[quote]browndisaster wrote:
ok, this is the powerlifting forum so it’s actually relevant and important. btw were those laterals raw or equipped?[/quote]
LOL, can you explain how to perform “equipped” shirted laterals? I mean since its relevant.
[quote]browndisaster wrote:
ok, this is the powerlifting forum so it’s actually relevant and important. btw were those laterals raw or equipped?[/quote]
LOL, can you explain how to perform “equipped” shirted laterals? I mean since its relevant.
[quote]VTBalla34 wrote:
I know I posted a page ago about how I’m going to focus on back more heavily once I’m done with my current training phase, but that is because I just want a bigger back in general. I have never noticed a direct carryover to the amount of back work I do to an increase in my bench, or vice versa.
I know this is blasphemy in the powerlifting forum, but my bench seems to go up regardless if I do back work or not. I have semi-focused on back (with pullups and db rows mainly, with some face pulls thrown in for shoulder health) for certain training phases but that’s really all. Other phases I will half ass my way through it and just focus on my main lift.

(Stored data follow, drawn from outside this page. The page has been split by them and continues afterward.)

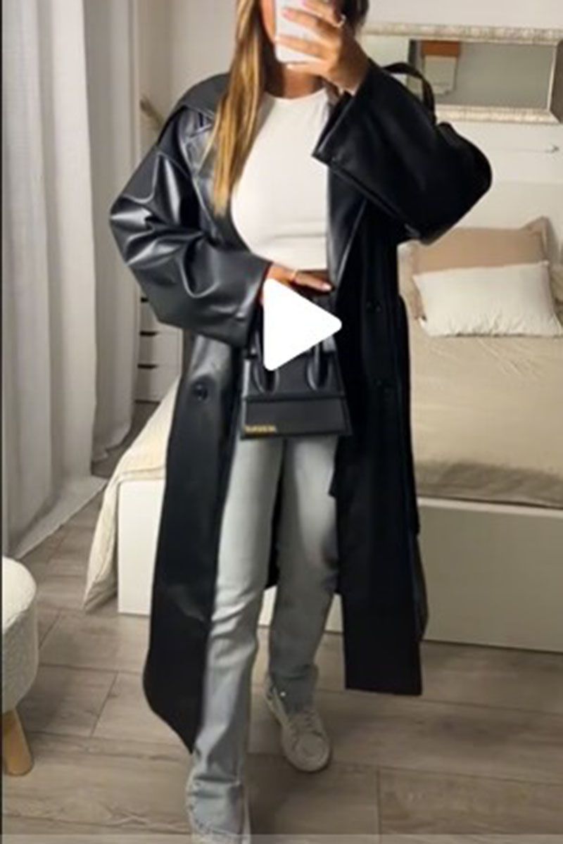 Design: PU Faux Leather. Double Breasted. Belted. Patent Leather. Full Length and Trendy Style.
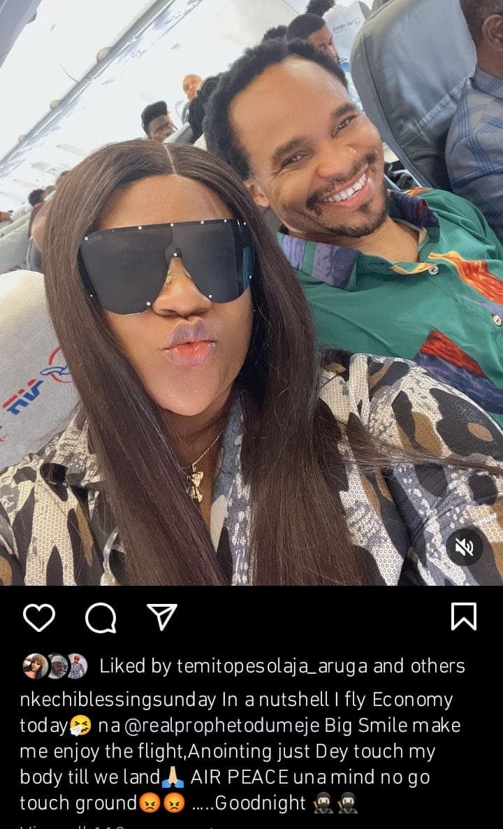She wrote: “In a nutshell I fly Economy today, na @realprophetodumeje Big Smile make me enjoy the flight, Anointing just Dey touch my body till we land AIR PEACE una mind no go touch ground …..Goodnight.”
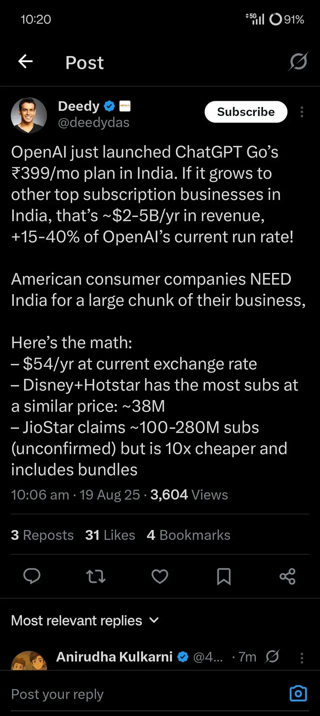 Kyle's take: But this actually makes sense despite the apparent contradiction. They're converting free users into paying customers, even at lower prices. Better to get $4.50/month from Indian users than nothing.
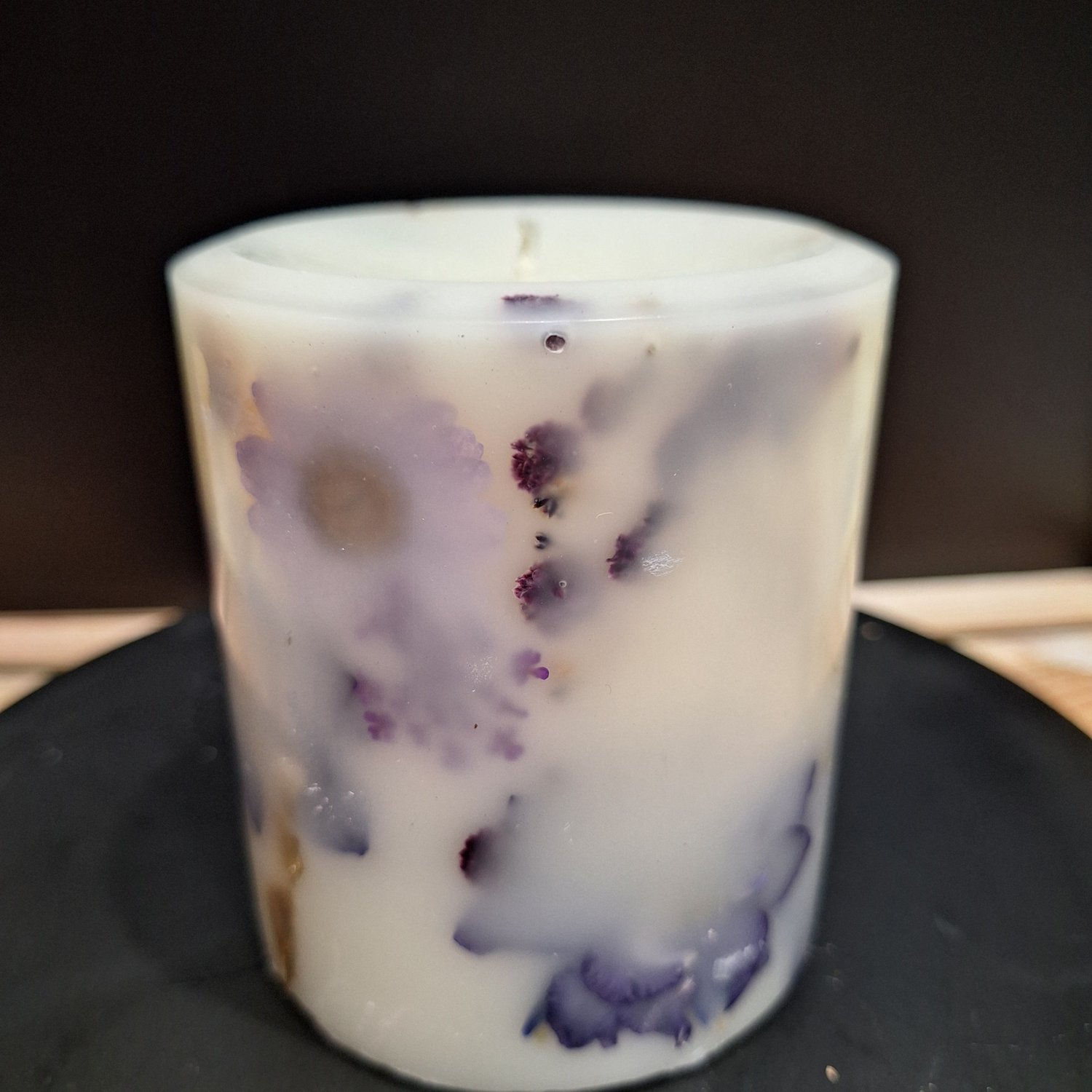 There are dried flower components in the wax, which means this is a decorative candle only and should not be burned.
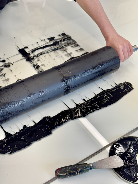 2. Das Aufwalzen der Druckfarbe auf den Druckstock.
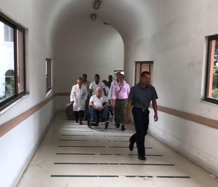 Martinelli fue llevado hasta los estacionamientos del hospital en silla de ruedas y escoltados por algunos médicos que lo atendieron, entre esos el director del hospital, tras sufrir una arritmia e hipertensión, que le hacían propenso a un accidente cerebrovascular.
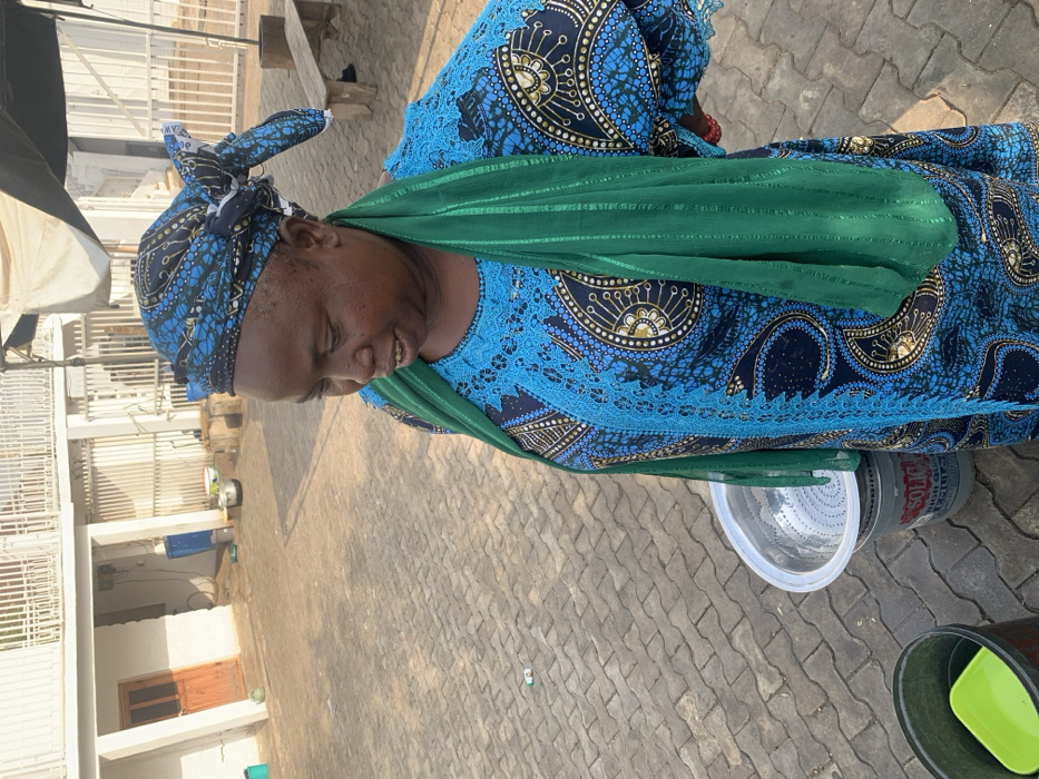 An adult woman stands in an outdoor paved courtyard in Okene, Nigeria, facing slightly right and looking downwards
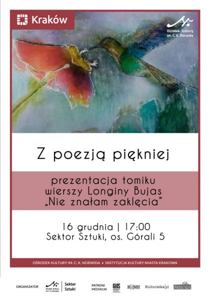 Zapraszamy na spotkanie „ Z poezją piękniej”, na którym Longina Bujas zaprezentuje swój najnowszy tomik wierszy pt. „Nie znałam zaklęcia”.
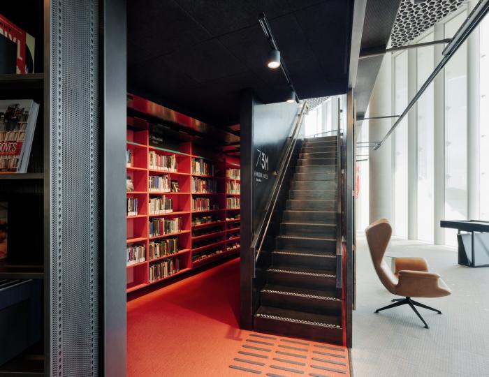 这些相应的封闭空间和壁龛,则可用于临时装置展陈和各类展览所需。建筑师在这片区域使用了明快亮丽的色彩,而在开放的公共空间,则选择了相对中性的色调。而入口光井旁所使用的的混凝土材质,则使得图书馆的空间变得更具辨识度。
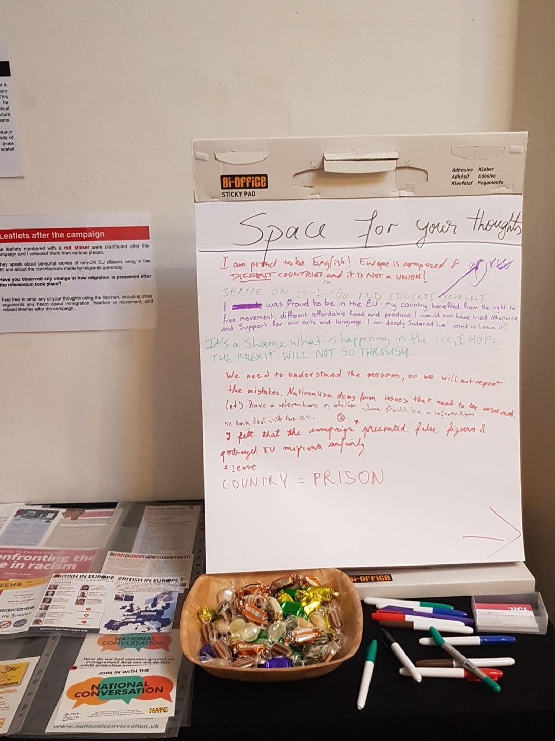 One such method was including a ‘space for your thoughts’ flipchart during a mini-exhibition I had at the Bloomsbury Festival in 2017. People could look at a sample of leaflets which all spoke about immigration, published before and after the referendum campaign. The flipchart provided a space for them to express their thoughts on the referendum itself, or more specifically on how migration was represented during the campaign.
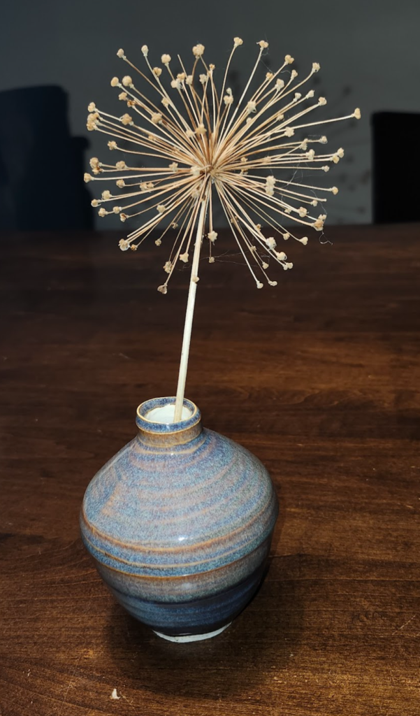 Another beautiful piece by Catherine, which I describe as modernist-minimalist. I thought it would be a nice cup for scotch on the rocks, Catherine decided to fill it with garlic.

In fact, I put about 30 pounds on my bench last fall and I don’t think I did ANY back work in that 3+ month period. You know what I did do? bench press 5 times a week!
Just sayin
[/quote]
I agree with this too a point until your bench plateaus. Then bringing up tri’s, back and shoulder work will be needed to continue moving your numbers up in the press. High volume and frequency is key as well.
[quote]Caltene wrote:
[quote]Professor X wrote:
Waiting for complaint about even mentioning side laterals as if nothing else was written.[/quote]
Kid, you have way too much time.[/quote]
LOL. A thread that rocks like this one and has been read this many times…and this is all you provide in it.
Kinda sad, huh?
No joke…but are some of you here to make progress…or just to act like you already know everything and to talk about other people?
Agreed, lots of advice but very few back pic’s from the “know it alls”
What do you did for your shoulders that helped with the type of bench press you do Prof. X and do you think they acted more as stabilizers or movers for the bench press?
[quote]T3hPwnisher wrote:
Did you put on weight during that period?[/quote]
Yeah right at about 10 pounds. I went from 278 or so to about 288.
[quote]browndisaster wrote:
yeah, I’ve always thought…getting the supporting muscles stronger just helped to a point. [/quote]
[quote]tattoo’d’popeye wrote:
I agree with this too a point until your bench plateaus. Then bringing up tri’s, back and shoulder work will be needed to continue moving your numbers up in the press. [/quote]
I think these two posts should be read by anyone here. It was really what I was trying to get across in my post, but I was drunk when I wrote it so I didn’t quite get there. I know at some point I’m gonna need to focus more on the back and such, but I think once you build a solid foundation you have a lot of room for progress on the bench without having to worry about that “support base”. Maintaining it seems to do the trick. I will cross the plateau bridge when I come to it.
[quote]tattoo’d’popeye wrote:
Agreed, lots of advice but very few back pic’s from the “know it alls” [/quote]
here is a selfie I took back last August or so. Nothing impressive I don’t think, but you asked :-p
There seems to be a common trend to virtually everyone who posted a pic in this thread …high frequency/volume with rows and other exercises = big ass traps/upper back lol. I have nothing of worth to contribute here yet but it sure is motivating.
[quote]VTBalla34 wrote:
[quote]T3hPwnisher wrote:
Did you put on weight during that period?[/quote]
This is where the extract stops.